In chronic kidney disease (CKD) patients, the risk of kidney replacement therapy (KRT) is highly variable. In 2011, Tangri et al. developed the kidney failure risk equations (KFRE) to predict the 2 and 5-year probability of requiring kidney replacement therapy (KRT). The KFRE is an easily calculated 4-variable equation which has been extensively validated in multiple cohorts. The aim of this study was to validate this risk score in a Portuguese cohort.
MethodsWe conducted a retrospective analysis of CKD patients stage 3–5 referred for nephrology consult at Centro Hospitalar Universitário Lisboa Norte during the first 6 months of 2018. Age, gender, estimated glomerular filtration rate (eGFR) and albuminuria were assessed. The 4-variable kidney failure risk equation (KFRE) calibrated to a non-North American population was calculated. Requirement of KRT was assessed in a 2-year follow-up. We assessed the Cox logistic regression method of the KFRE to predict KRT requirement and the discriminatory ability was determined using the receiver operating characteristic (ROC) curve.
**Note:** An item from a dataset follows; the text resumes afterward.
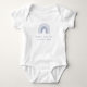 Esta camiseta de bebé para anuncio de embarazo de niño boho arcoíris de la Colección Rowan es perfecta para una sencilla fiesta de baby shower y para fotos de anuncio de bebé. Este diseño minimalista lindo presenta un arcoíris único de color azul pálido claro y blanco, y es perfecto para primavera o verano.
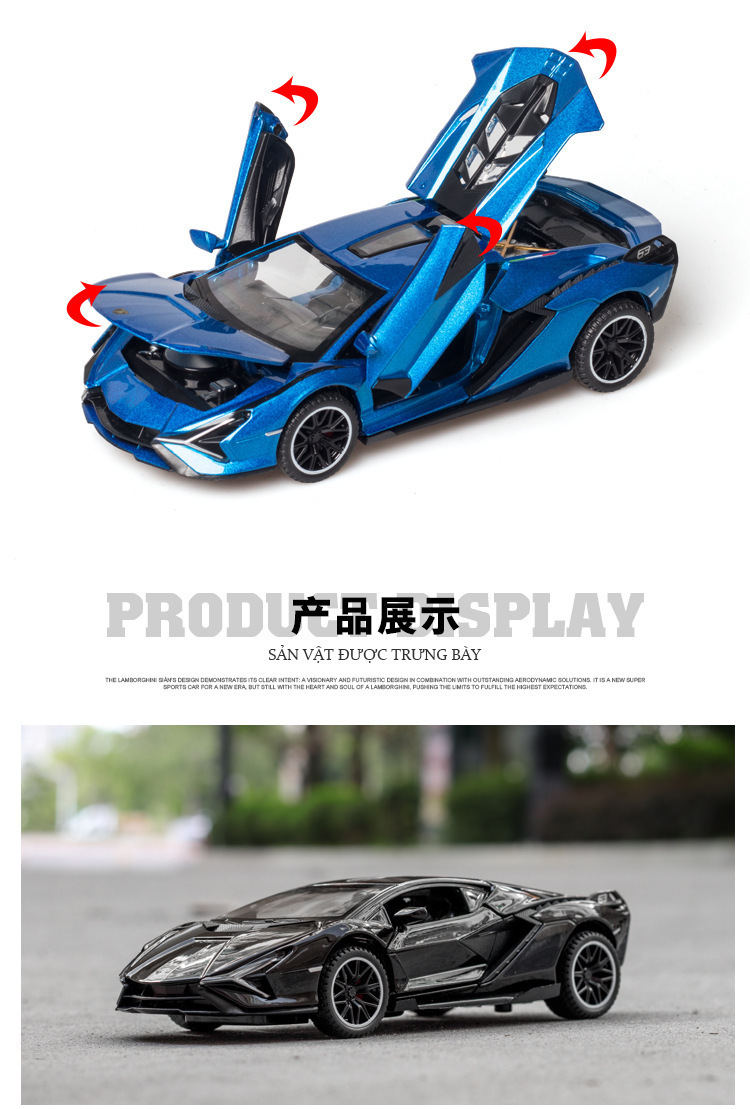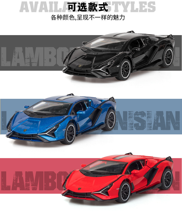 (A granel) Jiaye modelo de coche de aleación 1:32 Lanbo relámpago coche deportivo Tire hacia atrás sonido y luz apertura de la puerta Modelo de juguete adornos

A cut-off value was defined as that with the highest validity.
Results360 patients were included and 54.4% were male. Mean age was 74.9±12.2 years, serum creatinine was 1.97±0.84mg/dL, eGFR was 33.4±12.13ml/min/1.73m2 and albuminuria was 571.1±848.3mg/g. Mean calculated risk score was 6.2±11.2%. Twenty-three patients required KRT (6.4%) in the two-year follow-up. The hazard ratio was 1.1 [95% CI (1.06–1.12), p<0.001] for the 2-year risk of KRT. The KFRE predicted progression to KRT requirement with an auROC of 0.903, [95% CI (0.86–0.95), p<0.001], with a sensitivity 91.3% and specificity of 71.8%. The optimal KFRE cut-off was >4.5% for 2-year nephrologist referral, with an hazard ratio of HR 26.7 [95% CI (6.15–116.3), p<0.001] for 2-year risk of KRT requirement.
DiscussionWe have independently externally validated the 2-year KFRE and shown that it has excellent discrimination. The KFRE should be incorporated in clinical care of patients with CKD to improve patient-clinician dialogue and provide guidance on timing of referral for nephrology evaluation and planning for dialysis access.
En pacientes con enfermedad renal crónica (ERC), el riesgo de la terapia de reemplazo renal (TRR) es muy variable. En 2011, Tangri et al. desarrollaron las ecuaciones de riesgo de insuficiencia renal (KFRE) para predecir la probabilidad de 2 y 5años de requerir terapia de reemplazo renal (KRT). El KFRE es una ecuación de 4 variables de fácil cálculo que ha sido ampliamente validada en múltiples cohortes. El objetivo de este estudio fue validar esta puntuación de riesgo en una cohorte portuguesa.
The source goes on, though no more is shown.